Multinationales responsables: le parlement est incapable de trancher
Droits de l’homme
Les Chambres fédérales ne parviennent pas à formuler de contre-projet à l’initiative décriée par une partie de l’économie suisse. Ultime opportunité, une conférence de conciliation prévue en fin de semaine

Le législatif suisse n’y arrive pas. Ce mardi, après près de trois ans de débat, le Conseil des Etats a de nouveau refusé le contre-projet plébiscité par le National à l’initiative «pour des multinationales responsables». Comme la Chambre basse avait refusé celui des sénateurs en mars dernier et que la troisième navette parlementaire est désormais passée, les deux Chambres se retrouveront ce jeudi en conférence de conciliation. Vu les profondes dissensions sur le sujet, l’initiative qui fait trembler l’économie suisse pourrait cependant bien trôner seule devant l’urne en novembre.
La proposition «acceptable»
Le parlement n’en voulait pourtant pas. En mars dernier, il refusait le texte de l’initiative, qui souhaite conférer aux victimes étrangères de filiales d’entreprises domiciliées en Suisse le pouvoir de les poursuivre en justice sur sol helvétique. Pour tenter de répondre aux préoccupations des initiants en matière de droits de l’homme, deux options plus modérées étaient sur la table. La première: un contre-projet formulé par le National en 2018 qui ne toucherait que les plus grandes entreprises (chiffre d’affaires de plus 80 millions ou bénéfice d’au moins 40 millions et 500 employés – deux des trois critères doivent être remplis) et limiterait leur responsabilité civile à leurs filiales juridiques directes.
Moins drastique que l’initiative, cette proposition qui prévoit également une procédure de conciliation obligatoire entre parties avant le lancement d’un procès a été plusieurs fois soutenue par la Chambre basse et dispose de l’aval des initiants: ils auraient retiré leur texte si le parlement l’avait adoubée. Elle a aussi l’appui d’un large groupe d’entrepreneurs et de faîtières économiques, parmi lesquelles on retrouve la Fédération des entreprises romandes, le Groupement des entreprises multinationales, Coop et Migros. Fin mai, la très importante Fédération des industries alimentaires a encore rejoint cette cohorte, qui ne cesse de s’agrandir.
Et le «tigre de papier»
La proposition ne convient toutefois définitivement pas à la majorité conservatrice des sénateurs, qui a à nouveau torpillé l’idée ce mardi par 28 voix contre 17. «Extrême» selon Economiesuisse, la proposition n’a jamais eu les faveurs des Etats, qui y préféraient un contre-projet formulé l’été dernier par la ministre de la Justice, Karin Keller-Sutter.
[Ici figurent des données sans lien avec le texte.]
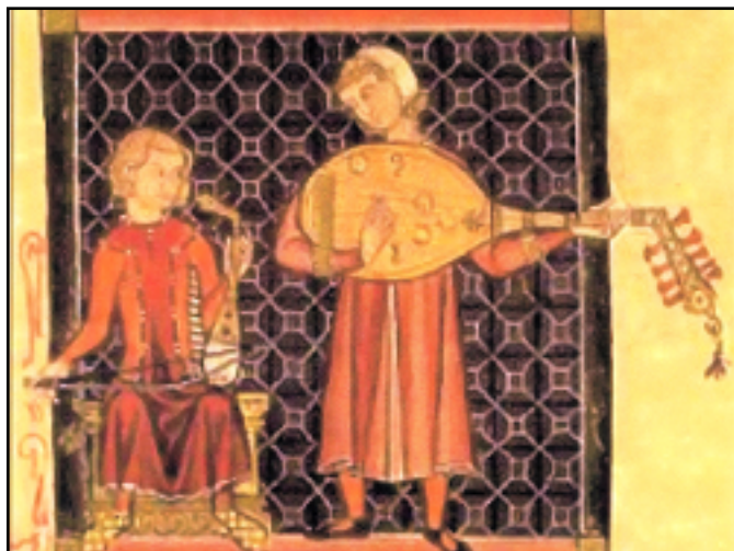
Een troubadour luisterde veel feesten in vroegere eeuwen op.

voorzitter van de sociëteit schrijft in de notulen dat hij dit als een grote dag beschouwt. De op de Grebbeberg gesneuvelde Nederlandse militairen zijn op dat moment nog niet eens allemaal begraven. Gelukkig komt er aan deze naar collaboratie riekende toestand een einde. Dat ligt echter niet aan het bestuur. De Duitse militairen die hier gelegerd zijn, worden in oktober 1940 vervangen door een andere militair onderdeel, waarvan de officieren niet meer dan fl 1,20 per dag willen betalen in plaats van de fl 2,00 die hun voorgangers betaalden. Dat is nog juist op tijd, anders had het bestuur misschien ook nog de oktoberfeesten voor de Duitsers, de nieuwe vrienden van de sociëteit, georganiseerd. Nu hebben we er meer dan zestig jaar op moeten wachten, voordat de directie van hotel Het Zonneke aan de Zandheuvel deze feesten voor alle Oosterhouters organiseerde.

Moins contraignant, ce dernier suggère l’obligation pour les multinationales de rendre un rapport annuel sur leur politique dans le domaine des droits de l’homme – si toutefois elles disposent d’une telle politique – et un devoir de «diligence» en matière de travail d’enfants et d’extraction de minerais. Une version qui «correspond aux pratiques en cours dans l’UE», a plusieurs fois souligné l’exécutif.
Le problème: qualifiée de «tigre de papier», elle n’a jamais séduit les initiants, qui avaient averti de longue date qu’ils ne retireraient pas leur texte à son profit. Autre problème, le Conseil national n’en a jamais voulu non plus, suscitant le blocage qu’on connaît. Conséquence: ne reste aujourd’hui plus qu’une seule issue, la conférence de conciliation. Composée des 13 membres de la Commission des affaires juridiques du Conseil des Etats et d’une sélection du même nombre de politiciens issus de sa consœur du National, elle tentera de couper la poire en deux. Assez pour que les initiants retirent leur texte? «Cette possibilité existe encore», répond leur porte-parole, Chantal Peyer. En attendant la votation, inéluctable.